Jobs, Jobs, Jobs

To create jobs in green technology won’t green technology need to be making money and growing? That doesn’t seem to be the case:

The outlook for alternative energy in 2009 is terrible.

Revenue, venture capital investment, and stock prices are all down. Financing has dried up. Demand is gone.

Meanwhile, the prices of traditional energy sources–oil, natural gas, and coal–have collapsed, putting “parity” even farther into the future.

But there’s always next year!

Everyone thought 2009 would be a bust. Now, everyone’s saying saying 2010 will be a bounceback. By 2011, the optimists say, we might even return to 2008 levels.

In the interim though, it will be a bumpy ride, as companies crater, get acquired, and survive on government incentives.

Doesn’t sound like a formula for robust growth to me.

As I see it the problem with this technology is that it survives in a very narrow price niche and is at the mercy of oil prices. Oil prices up—growing. Oil prices down—shrinking.

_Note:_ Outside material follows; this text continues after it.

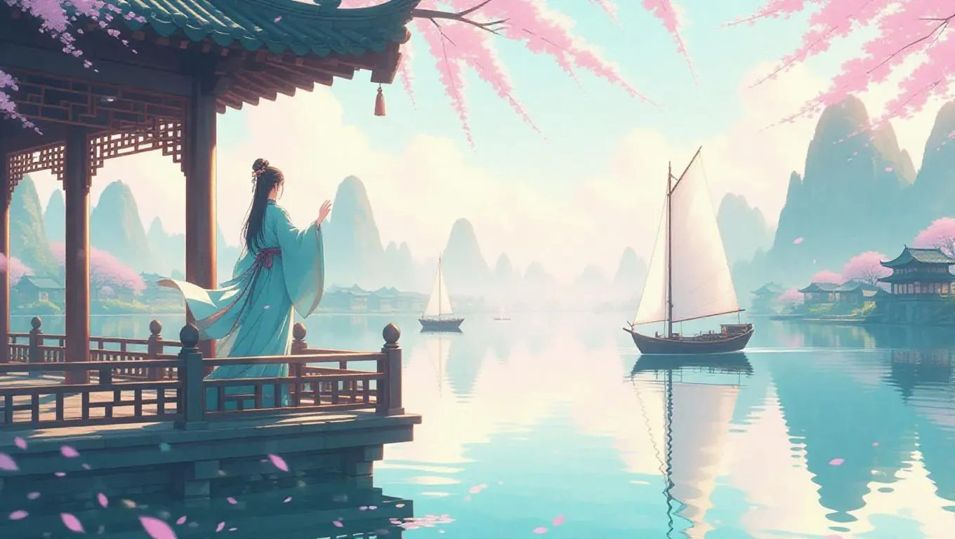 A Tang poet stands on the tower of Yellow Crane Pavilion, waving farewell to a friend’s boat sailing down the Yangtze River in misty spring. Cherry blossoms drift in the air, willows sway along the riverbank. In the distance, a lone white sail fades into the turquoise sky. The poet’s flowing robe and wistful eyes capture the essence of the moment. Soft anime lighting, glowing water, and painterly clouds enhance the serene and emotional farewell scene.

Technological breakthroughs in both energy production and storage could change that (remember, gasoline is both an energy source and a transportable storage medium). Barring that, I genuinely doubt it.

7 comments… add one
  • This is true in the United States. Not so much in Europe and Japan.

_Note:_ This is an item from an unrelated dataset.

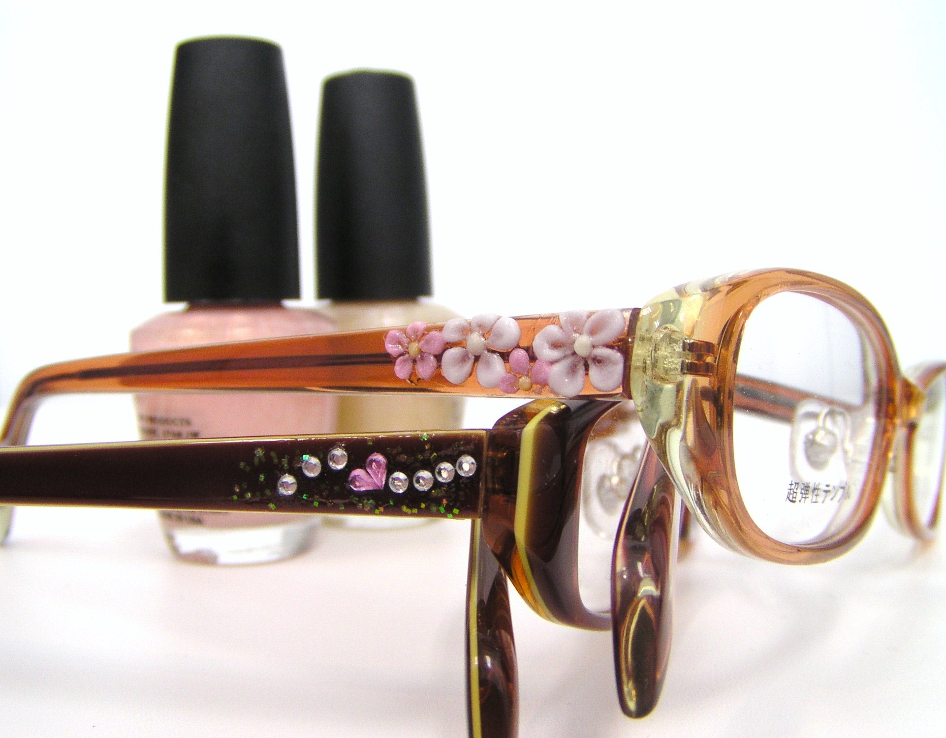 今回もかわいさ満点の仕上がりです。フレームはどちらもオレンジ、ブラウン系で顔なじみの良いフレームカラーです。

  • I suspect that’s because the market price of oil is a smaller component of gasoline prices there than here.

  • I agree. Additionally, in Europe, alternative energy tech is given the kind of economic incentives that coal and gas are given here. Not to mention the dead end that is ethanol.

  • PD Shaw Link

    The link points to the difficulties facing alternative energy when the price differential expands. Right now it’s expanding due to economic woes, but the same intended result is at the center of a number of energy conservation plans.

    I agree w/ Alex on coal and gas subsidies, but coal is so plentiful in the U.S. and is largely depleted in many areas of Europe that it is probably inevitable that coal will maintain an economic advantage here unlike Europe (and need I mention Japan?)

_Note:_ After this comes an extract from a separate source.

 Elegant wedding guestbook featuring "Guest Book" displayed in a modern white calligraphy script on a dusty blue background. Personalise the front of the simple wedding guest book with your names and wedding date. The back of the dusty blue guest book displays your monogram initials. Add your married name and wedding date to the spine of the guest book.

    One additional aspect is the financing. A lot of green projects in this country are subsidized by tax credits (which are only valuable if you have revenue) and goodwill R&D. To get the value of the tax credits, evil investment banks created security instruments that allowed people with revenue to get a piece of the tax credits. Those evil investment banks have withdrawn their hands from such machinations.

  • PD Shaw Link

    Re ethanol: It was interesting that the guy who designed Ninetendo’s Wii is starting to role out home ethanol systems (w/ a function to blend with gas and an option to generate electricity). People usually assume that with a few technology advances my favored energy source will catch up, but it works both ways.

  • PD Shaw Link

    One more comment: the European subsidies that encourage people to scrap their old cars and buy new are changing the make-up of the European auto business — they are buying more gasoline vehicles, and scrapping diesel vehicles. What does that mean? I don’t know.

  • Drew Link

    “As I see it the problem with this technology is that it survives in a very narrow price niche and is at the mercy of oil prices. Oil prices up—growing. Oil prices down—shrinking.”

    Perfectly said.

    As our resident private equity guy, may I relate to you that in the last 3 months I have seen no fewer than 5 tanked solar deals, 3 tanked wind deals and perhaps two dozen tanked Canada oil shale/tar sands related companies……..all because oil prices came down. Now, we aren’t even VC’s involved in this stuff. That these deals even reached us is called desperation. Bankruptcy imminent. Imagine the true volume.

    Alternative energy is a nice concept. But raw economics is a bitch.

    (Personal anecdote: My thesis in school was called “Sulfur Fixation During Coal Gasification.” My Prof worked on the Manhatten Project. A Big Stick. The theory was that the thermo and kinetics would work out such that the iron naturally occurring in coal could dissolve the SO2 emmitted in a fluidized bed boiler before it went up the stack. I was young and stupid; I thought I was saving the world. Well, uh, er………..it didn’t make commercial sense. 30 years later, there is no sulfur fixation during coal gasification……..)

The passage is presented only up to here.